Andrej Karpathy关于LLM Wiki的想法如下:
# LLM Wiki

A pattern for building personal knowledge bases using LLMs.

This is an idea file, it is designed to be copy pasted to your own LLM Agent (e.g. OpenAI Codex, Claude Code, OpenCode / Pi, or etc.). Its goal is to communicate the high level idea, but your agent will build out the specifics in collaboration with you.

## The core idea

Most people's experience with LLMs and documents looks like RAG: you upload a collection of files, the LLM retrieves relevant chunks at query time, and generates an answer. This works, but the LLM is rediscovering knowledge from scratch on every question. There's no accumulation. Ask a subtle question that requires synthesizing five documents, and the LLM has to find and piece together the relevant fragments every time. Nothing is built up. NotebookLM, ChatGPT file uploads, and most RAG systems work this way.

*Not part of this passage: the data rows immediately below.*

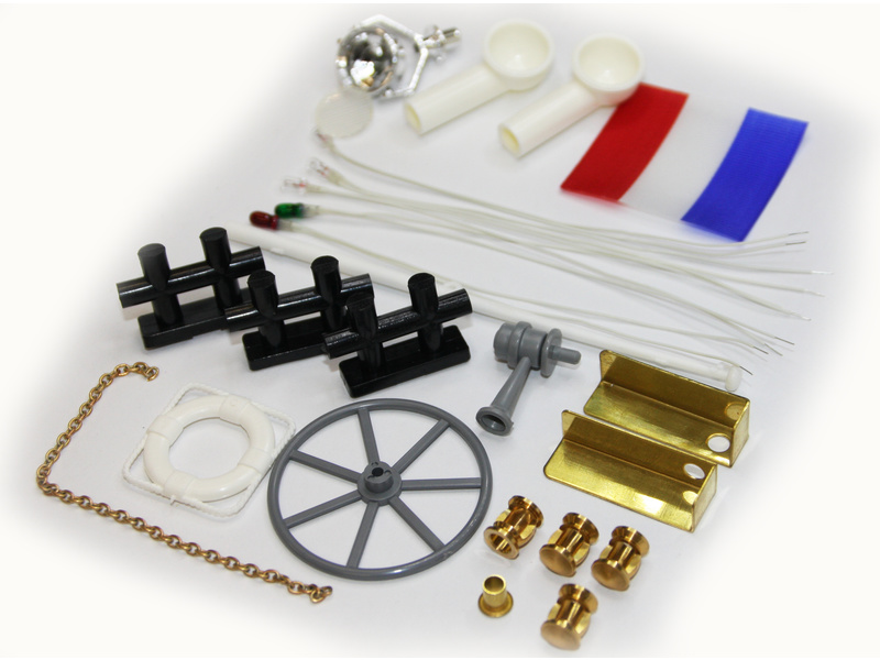Příslušenství pro RC model lodi ROMARIN Dolly - sada maketových doplňků, jako kolo kormidla, záchranné kolo, světlomet, osvětlení LED, výlisek houkačky, vlajka, řetízek, drobné doplňky.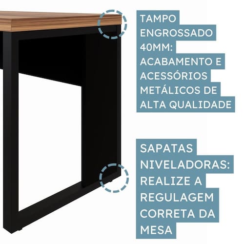 relativa do ar e/ ou dos substratos inicia a sua reticulação, tornando-se u Acabamento do Tampo: BP Acompanha Manual de Instalação: Sim Ambiente Principal: Escritório Complexidade da Montagem: Baixa: pode ser montado por uma pessoa sozinha Cor: Preto/Marrom Cor da Base: Preto Cor do Produto: Preto/Marrom Cor do Tampo: Marrom Dobrável: Não Espessura do Tampo: 40 mm Formato: Retangular Manual de Montagem e Instalação: https://product-hub-prd.madeiramadeira.com.br/901508/documents/a420509b-ec20-4f04-91c1-2803bc3d01831879752sat1261.pdf Material Principal: MDP Necessita Montagem: Sim Origem do Produto: Nacional Pés com Regulagem de Altura: Não Pés Reguláveis: Não Peso: 24,3 kg Possui Painel: Não Possui Passa Cabos: Não Possui Porta Objetos: Não Possui Portas: Não Possui Prateleiras: Não Possui suporte para CPU: Não Possui Suporte para Teclado: Não Possui Vidro: Não Recomendações de Uso, Manutenção e Limpeza: Antes de limpar recomenda-se que seja retirada toda a poeira com um espanador ou flanela seca para evitar riscos na superfície, após utilize um pano umido em água, macio e limpo. Sapatas Niveladoras: Sim Sistema de Montagem: parafusos e cavilhas Suporta Até (kg): 25 kg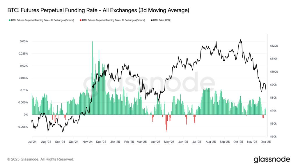 در کنار کاهش معاملات بازار اسپات، بازار فیوچرز نیز غیرفعال است و تمایل چندانی به استفاده از اهرم وجود ندارد. اوپن اینترست بازار فیوچرز همچنان پایین است و فاندینگ ریت تقریبا در سطح خنثی باقی مانده است. این شرایط نشان می‌دهد که اطمینان کافی در بازار مشتقه وجود ندارد و سرمایه‌گذاران محتاط هستند.

The idea here is different. Instead of just retrieving from raw documents at query time, the LLM **incrementally builds and maintains a persistent wiki** — a structured, interlinked collection of markdown files that sits between you and the raw sources. When you add a new source, the LLM doesn't just index it for later retrieval. It reads it, extracts the key information, and integrates it into the existing wiki — updating entity pages, revising topic summaries, noting where new data contradicts old claims, strengthening or challenging the evolving synthesis. The knowledge is compiled once and then *kept current*, not re-derived on every query.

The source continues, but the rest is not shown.